Medes le dirigió una mirada colérica.

—Espero que hayas dominado tu curiosidad.

—¡El objeto me aterroriza! ¿No contendrá mil y un maleficios?

—¿Dónde está?

—Lo he traído aquí, claro, envuelto en un paño de lino basto.

—¿Y las órdenes del Anunciador?

—Dejarlo en la habitación de Sobek.

—¿Nada más?

—¡Eso me parece imposible!

—No exageres, Gergu.

—Ese maldito sabueso goza de una constante protección. Se siente amenazado, por lo que se rodea de algunos policías de élite capaces de interceptar a cualquier agresor.

—Muéstrame esa arma inesperada.

Gergu fue a buscar el cofre, Medes apartó la tela.

—¡Una pequeña obra maestra! Acacia de primera calidad y la mano de un excepcional carpintero.

—¡No lo toquéis, podría fulminarnos!

—El Anunciador no lo desea en absoluto; el blanco es Sobek.

—Si le entrego este objeto, desconfiará.

—No te pediré que corras ese riesgo, amigo mío. Nadie debe sospechar que hemos eliminado al Protector. ¿Imaginas lo que sería estar libres por fin de ese molesto sabueso? Ya hace demasiado tiempo que impide nuestro avance. Temo incluso que esté acercándose a nosotros, puesto que me hace seguir y vigilar.

Gergu palideció.

—¿Teméis… un arresto?

—Probablemente Sobek lo ha pensado. He conseguido agrietar sus convicciones y tranquilizarlo por lo que se refiere a mi absoluta lealtad. Sin embargo, seguirá acosándome.

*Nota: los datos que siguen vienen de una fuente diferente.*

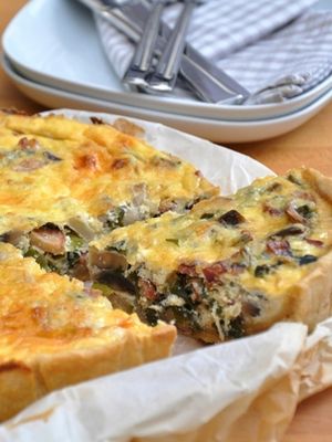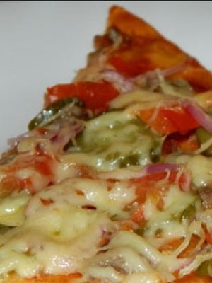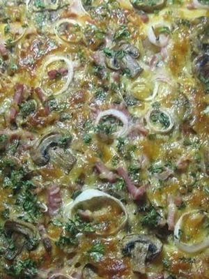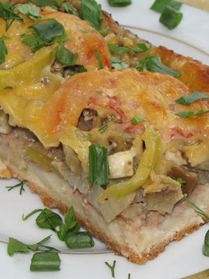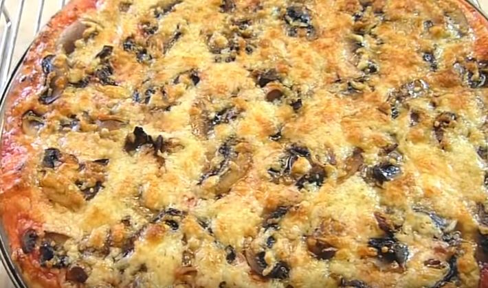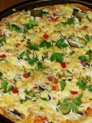 - Hachez les oignons et les champignons, faites les frire dans de l'huile végétale, salez et mettez sur le gâteau. Saupoudrer la pizza avec du concombre haché. Ajoutez du fromage râpé à la pièce et versez le tout avec un mélange d’œufs battus et du reste de la crème sure. Cuire le plat au four pendant 40 minutes.

—Mientras tengamos tiempo aún —preconizó Gergu—, abandonemos Egipto con el máximo de riquezas.

—¿Y por qué perder la sangre fría? Basta con obedecer al Anunciador preparando correctamente nuestra intervención.

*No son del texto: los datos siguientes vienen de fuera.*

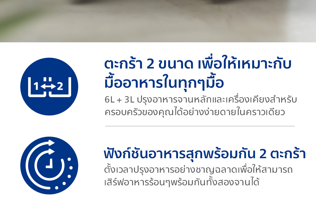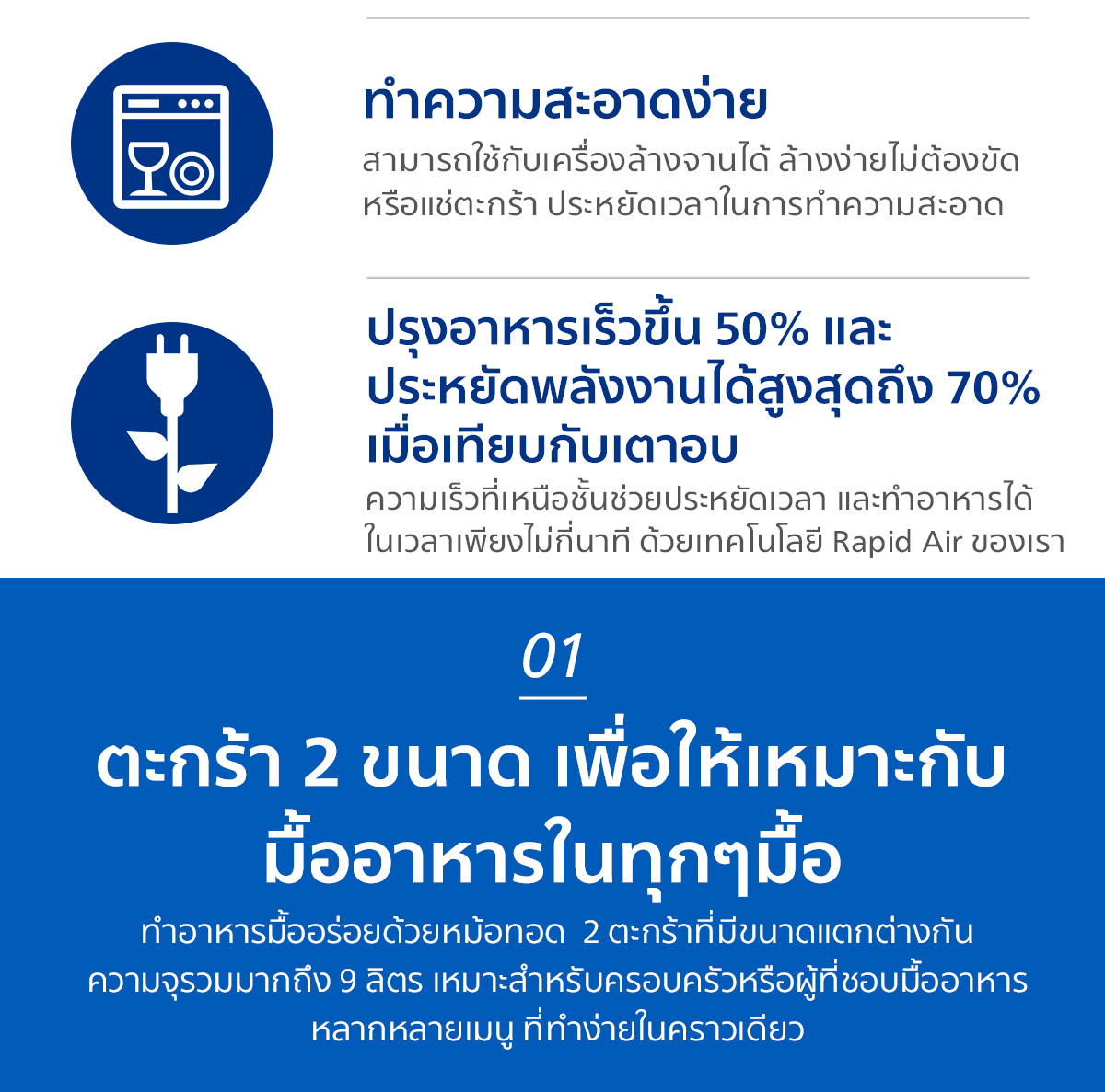 | ความจุรวม | 9 ลิตร (Dual Basket - 2 ลิ้นชัก) |

—Ni vos ni yo podemos llevarle este cofre a Sobek —insistió el inspector principal de los graneros.

—Otro lo hará, entonces.

—¡No veo quién!

Medes reflexionó durante largo rato. Al cabo, la solución le pareció evidente.

—Disponemos de un aliado cuya opinión ni siquiera solicitaremos —indicó—, pues voy a utilizar por segunda vez la única cualidad de mi querida esposa.